The paper puts forth a new metric for machine learning tools that assess audio quality or compare audio recordings. The method builds on existing approaches to adversarial learning in which a generator and discriminator network compete to improve an algorithm’s outputs. The metric can determine, for example, how close an AI-generated audio recording is to a reference, studio-quality recording.
“We wanted to find a perceptual metric that humans would relate to,” said Pranay Manocha, a computer science graduate student and lead author of the research. “For example, if we play two recordings and then ask if they are exactly the same or different, our metric is able to give an answer that is correlated with judgments that humans would make.”
While there are many such metrics in audio processing, the method improves on these by detecting small differences, which researchers call “just-noticeable,” such as subtle changes in higher-frequency overtones that are not the main components of speech.
“Deep learning has already had a huge impact in audio processing, and we expect it to become even more profound” in the coming decade, said Finkelstein, “but there is a big problem, which is a little esoteric: For the machine to learn, it needs to know how well it’s doing … it needs something called a loss function.”
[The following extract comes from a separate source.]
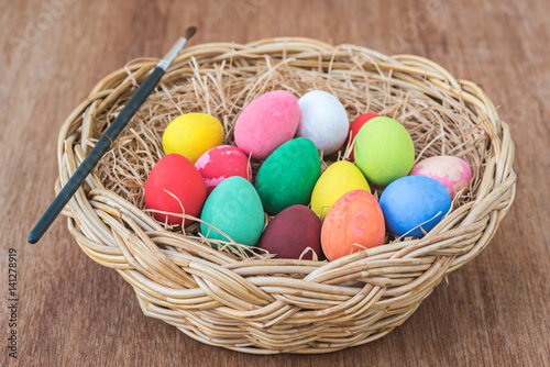 © kwanchaift, Fototapeta premium Easter eggs in the nest

In designing a good loss function, “we need a fully automatic method to determine whether humans would say two audio clips sound similar to each other,” said Finkelstein. “It's not practical to ask humans that question” while training a neural network, “because it would involve asking humans a gazillion questions while the algorithm searches for a good solution. So instead we are developing an automatic method to predict how humans would answer that question.”
Su and Manocha presented papers describing these projects at INTERSPEECH, an international conference focused on speech processing and applications, which was held entirely virtually this October.
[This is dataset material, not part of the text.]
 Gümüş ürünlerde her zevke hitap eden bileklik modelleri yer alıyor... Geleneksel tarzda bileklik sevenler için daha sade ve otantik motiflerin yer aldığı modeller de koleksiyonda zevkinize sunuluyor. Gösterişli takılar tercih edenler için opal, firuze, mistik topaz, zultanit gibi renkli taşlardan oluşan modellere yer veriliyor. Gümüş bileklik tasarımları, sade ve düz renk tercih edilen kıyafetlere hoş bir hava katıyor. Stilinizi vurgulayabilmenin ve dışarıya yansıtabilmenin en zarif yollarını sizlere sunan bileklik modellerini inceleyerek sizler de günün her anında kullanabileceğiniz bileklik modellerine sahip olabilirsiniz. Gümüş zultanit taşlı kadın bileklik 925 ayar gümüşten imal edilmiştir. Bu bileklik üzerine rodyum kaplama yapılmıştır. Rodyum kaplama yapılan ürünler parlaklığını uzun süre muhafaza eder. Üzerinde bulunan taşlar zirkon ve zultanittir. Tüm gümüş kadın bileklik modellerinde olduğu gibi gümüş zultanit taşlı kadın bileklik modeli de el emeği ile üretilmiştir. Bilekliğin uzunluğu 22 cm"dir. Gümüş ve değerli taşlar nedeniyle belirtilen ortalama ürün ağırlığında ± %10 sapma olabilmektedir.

Both HiFi-GAN and the just-noticeable difference metric offer general approaches that can be used for a variety of audio processing tasks. The researchers are now adapting their methods toward real-time speech enhancement, which could potentially be used during a Zoom conversation or webinar.
The team is also adding a capability for bandwidth extension to HiFi-GAN. This will recreate the “sense of presence” listeners experience from recordings made at high sample rates, which is often missing from consumer-grade audio recordings and online conference calls, said Finkelstein.
Su, Finkelstein and others were coauthors of the paper “HiFi-GAN: High-Fidelity Denoising and Dereverberation Based on Speech Deep Features in Adversarial Networks.” Coauthors of the paper “A Differentiable Perceptual Audio Metric Learned from Just Noticeable Differences” included Manocha and Finkelstein.
The work was supported in part by Princeton’s Dean for Research Innovation Fund for Industrial Collaborations; and by Project X, an innovation fund of Princeton’s School of Engineering and Applied Science.